DATA FOR REVIEW =>
=== Section Start ===
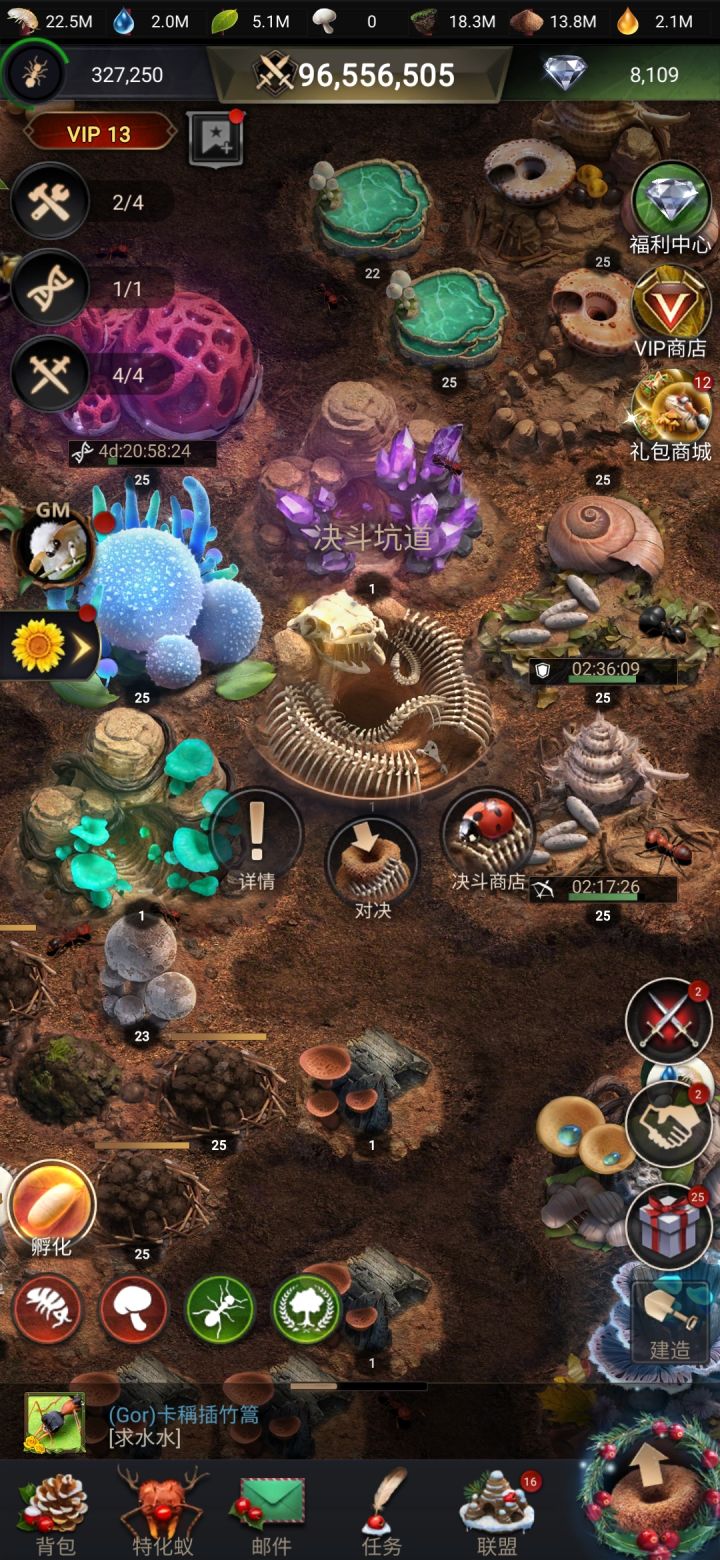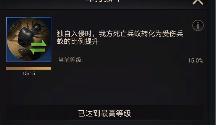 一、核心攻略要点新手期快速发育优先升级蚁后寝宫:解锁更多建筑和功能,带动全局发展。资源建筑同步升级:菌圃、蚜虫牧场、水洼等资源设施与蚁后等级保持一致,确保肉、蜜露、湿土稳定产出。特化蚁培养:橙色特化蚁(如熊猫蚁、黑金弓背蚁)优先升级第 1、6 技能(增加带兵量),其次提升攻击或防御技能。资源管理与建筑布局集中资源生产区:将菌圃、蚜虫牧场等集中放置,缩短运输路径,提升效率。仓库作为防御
=== Section End ===
=== Section Start ===
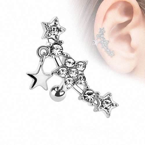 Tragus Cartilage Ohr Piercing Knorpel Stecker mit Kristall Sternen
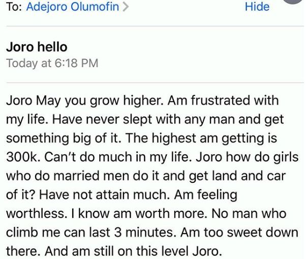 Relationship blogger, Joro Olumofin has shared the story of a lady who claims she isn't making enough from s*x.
=== Section End ===
EXERCISE =>
In the entries above, every line from the line with "Tragus Cartilage Ohr" to the line with "Relationship blogger, Joro" is to be printed exactly, with both ends included and pictures excluded.

REPLY =>
 Tragus Cartilage Ohr Piercing Knorpel Stecker mit Kristall Sternen
 Relationship blogger, Joro Olumofin has shared the story of a lady who claims she isn't making enough from s*x.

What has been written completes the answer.